PROBLEM DETAILS ▸ Your answer should hold the data exactly as given, minus any picture.

DATA PROVIDED ▸
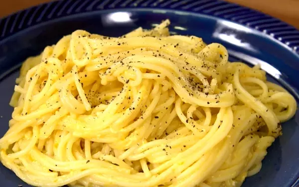 3、ボウルに卵を溶き入れ、粉チーズ、塩を加えて混ぜ合わせる。鍋に加えて蓋をして2~3分蒸らした後かき混ぜる。卵がクリーム状になったらお皿に移してコショウをかける。
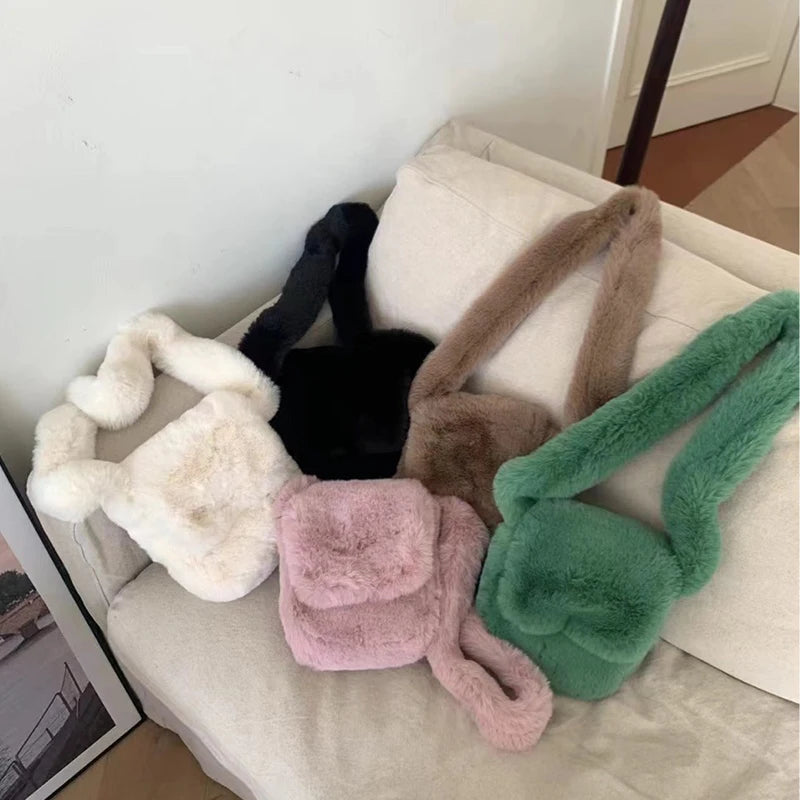 Women's Plush Crossbody Bag - Flap Shoulder Wall
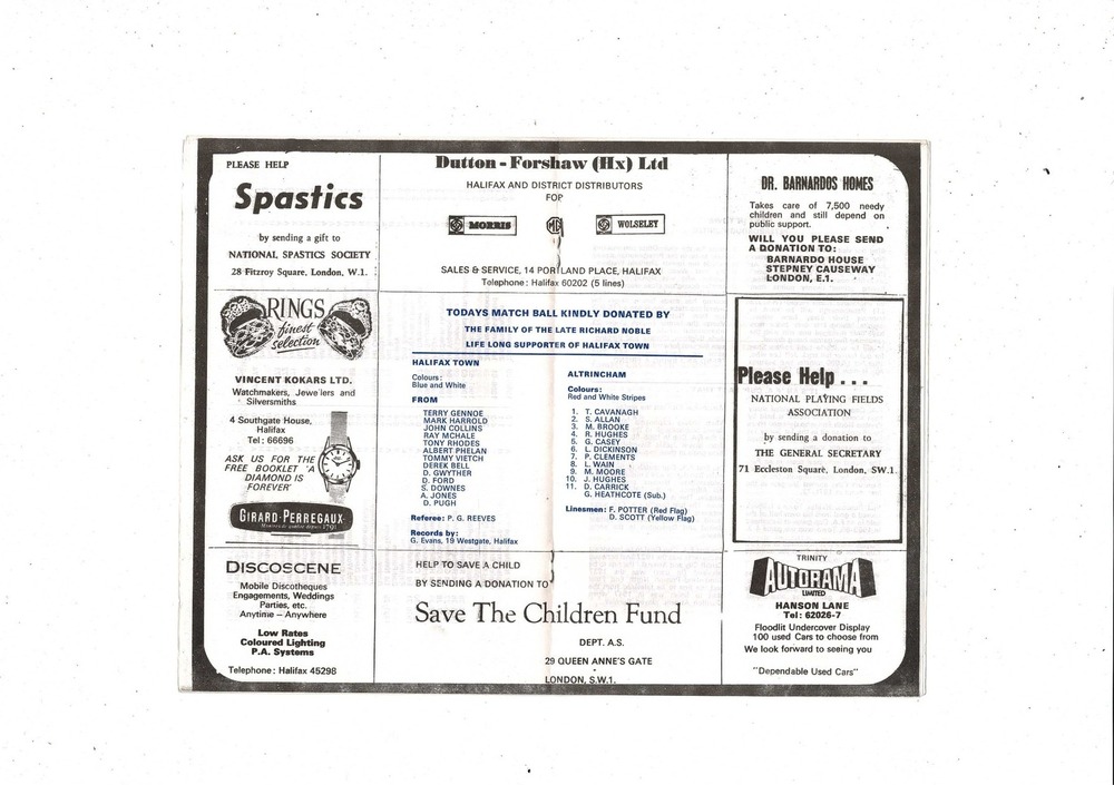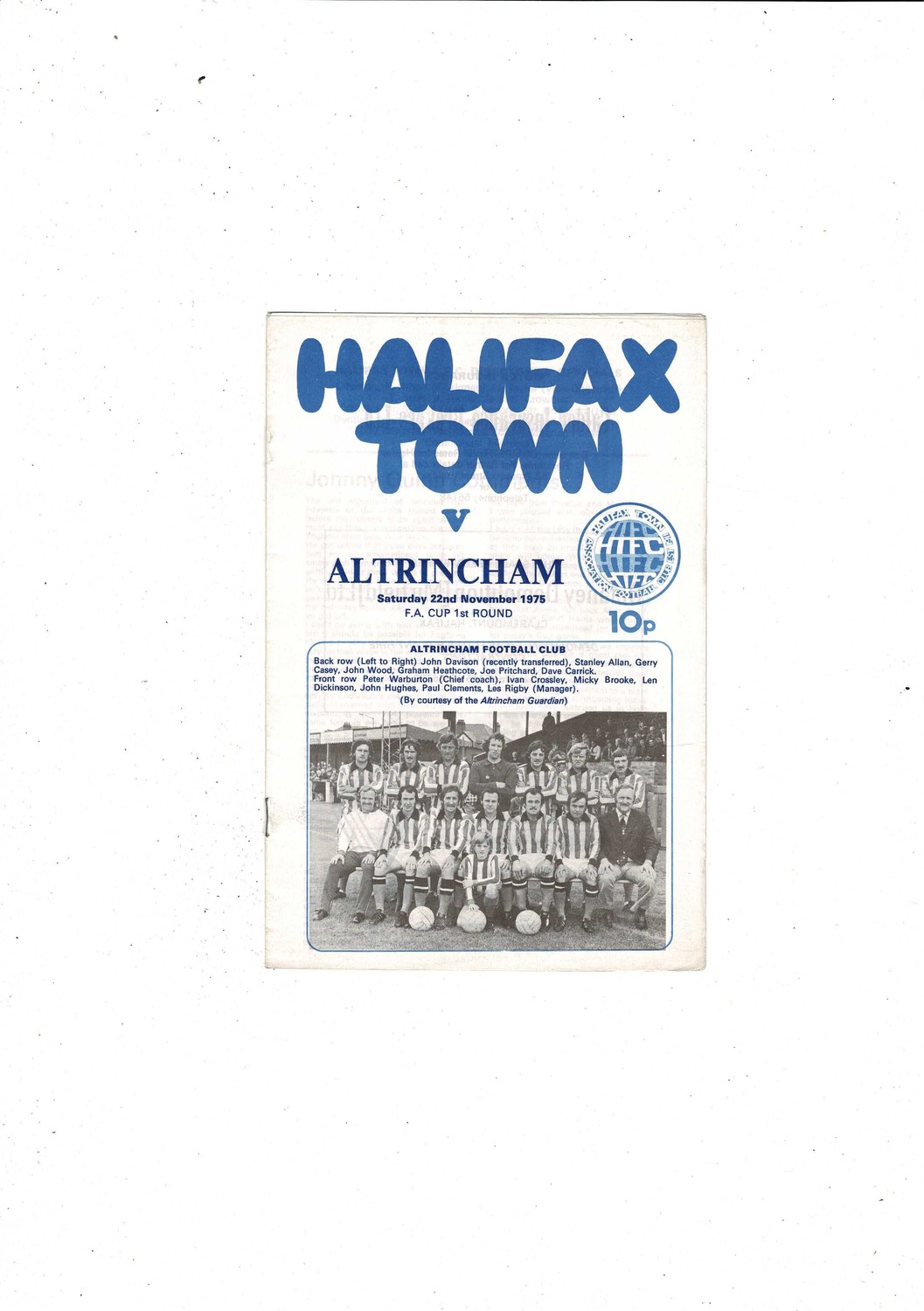 Halifax Town v Altrincham FA Cup Football Programme 1975/76

WRITTEN ANSWER ▸
 3、ボウルに卵を溶き入れ、粉チーズ、塩を加えて混ぜ合わせる。鍋に加えて蓋をして2~3分蒸らした後かき混ぜる。卵がクリーム状になったらお皿に移してコショウをかける。
 Women's Plush Crossbody Bag - Flap Shoulder Wall
 Halifax Town v Altrincham FA Cup Football Programme 1975/76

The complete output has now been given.